Назар тоже смотрит и смеется:

— Куда ему деться?.. Ползет… Эй! Иванша, — весело кричит он через голову Асона: — Сенечки не слышно?

— Туто… едет, где-то совсем близко, — говорит Иван, но так неприветливо, словно его разбудили не вовремя.

Назар как будто хочет оправдаться.

— То-то! Не завяз ли, мол, где… Ишь ведь ноченьку-то бог благословил… Ежели чо с конем неладно — не распутаешься.

Асон неодобрительно ворчит.

А Бергал придерживает лошадь. Одному свободнее. Бодро и чутко сидит он в седле. Не проронит ни слова. Все слушает, но не людей — от них он ничего не ждет — душа его слушает дивную ночь. Много их, мертвых ночей, провел он один на один, да эта совсем не такая. Она сулит что-то опять, рассказывает, как ребенку, жуткие дикие сказки… Жизнь ломает эта ночь…

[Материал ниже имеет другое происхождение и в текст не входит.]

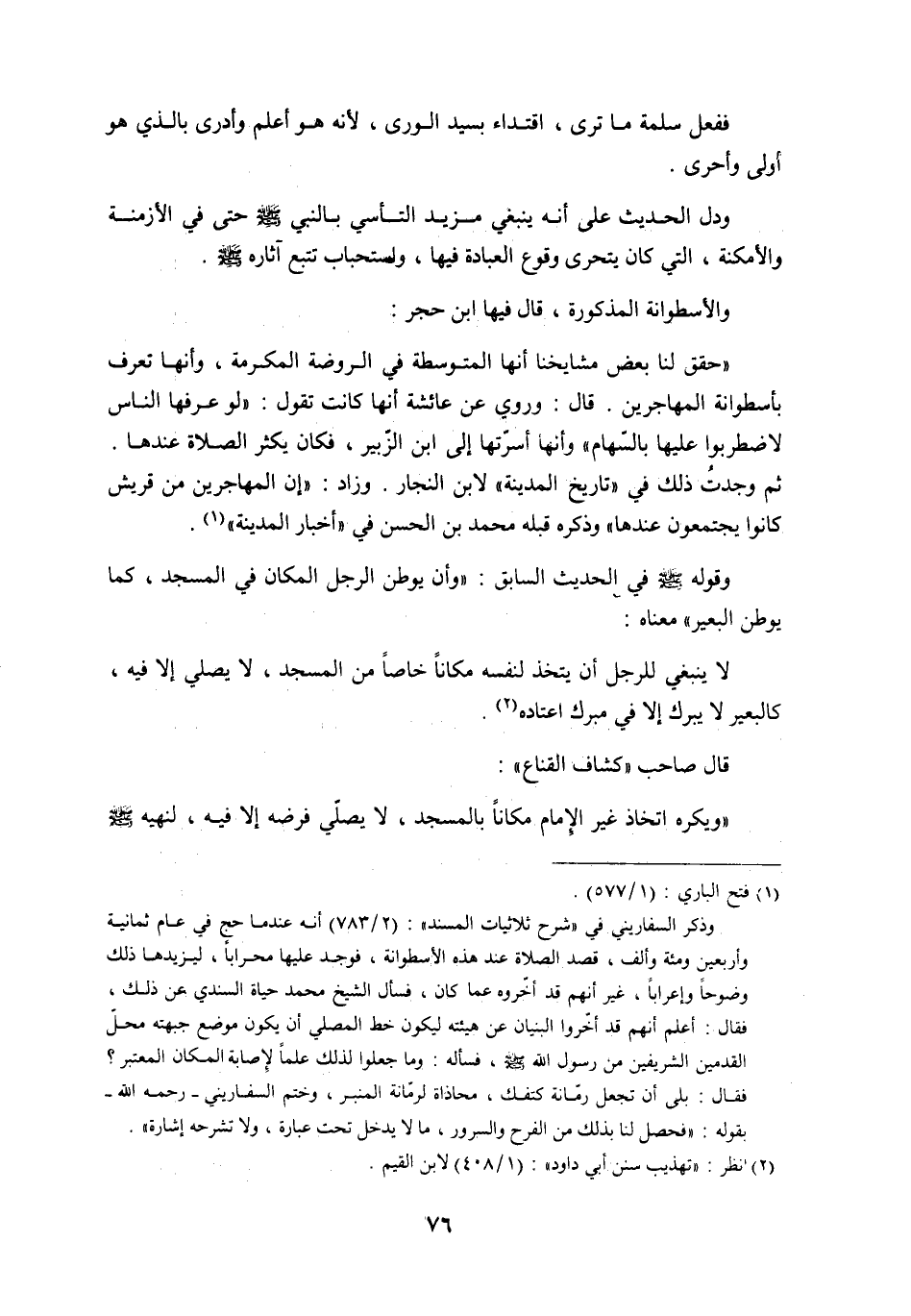 أن يكون موضع جبهته محلَ القدمين الشريفين من رسول الله - صلى الله عليه وسلم -، فسأله: وما جعلوا لذلك علماً لإصابة المكان المعتبر؟ فقال: بلى أن تجعل رمّانة كتفك، محاذاة لرمّانة المنبر، وختم السفاريني- رحمه الله –بقوله: ((فحصل لنا بذلك من الفرح والسرور، ما لا يدخل تحت عبارة، ولا تشرحه إشارة)) .

Дробным шагом идут лошади, позвякивая серебром на седлах. Внизу, по подолу горы, шумит невидимая речка. С пади тянет сыростью и потому все больше зябнется.

VIII

Речку извершили только к свету. Перевал был тяжелый, но свежие кони осилили. Все осталось внизу — без устали бегущие потоки, темные леса, хутора и деревни — все утонуло в океане мутной мглы. Над головой — предутреннее, стали подобное небо. Под ногами— красная, бесплодная земля. Широка и покойна поднебесная лысина, едва прикрытая лоскутьями снежных ковров. Лишь в одной стороне, неподалеку от дороги, торчит уродливым наростом каменный утес, а под его защитой уцепились крепкими корнями и живут три кедра-карла, три околдованные небом смельчака, дерзнувшие перешагнуть земные грани. Ветви их ушли в сучки. Вся жизнь малюток-стариков— холодна и скучна. Выросшим под дикие песни метелей, непонятна им нежная песенка случайно залетевшей птицы. Но над ними, на старом утесе, часто отдыхает свободный орел…

Мутные, растрепанные клочья сырого тумана, вырываясь с ветром, быстро проплывают по земле и исчезают в пади. На зябком сквозняке прохватывает дрожь. И люди и лошади спешат к привалу. Вот только бы пройти седло, спуститься к полосе лесов.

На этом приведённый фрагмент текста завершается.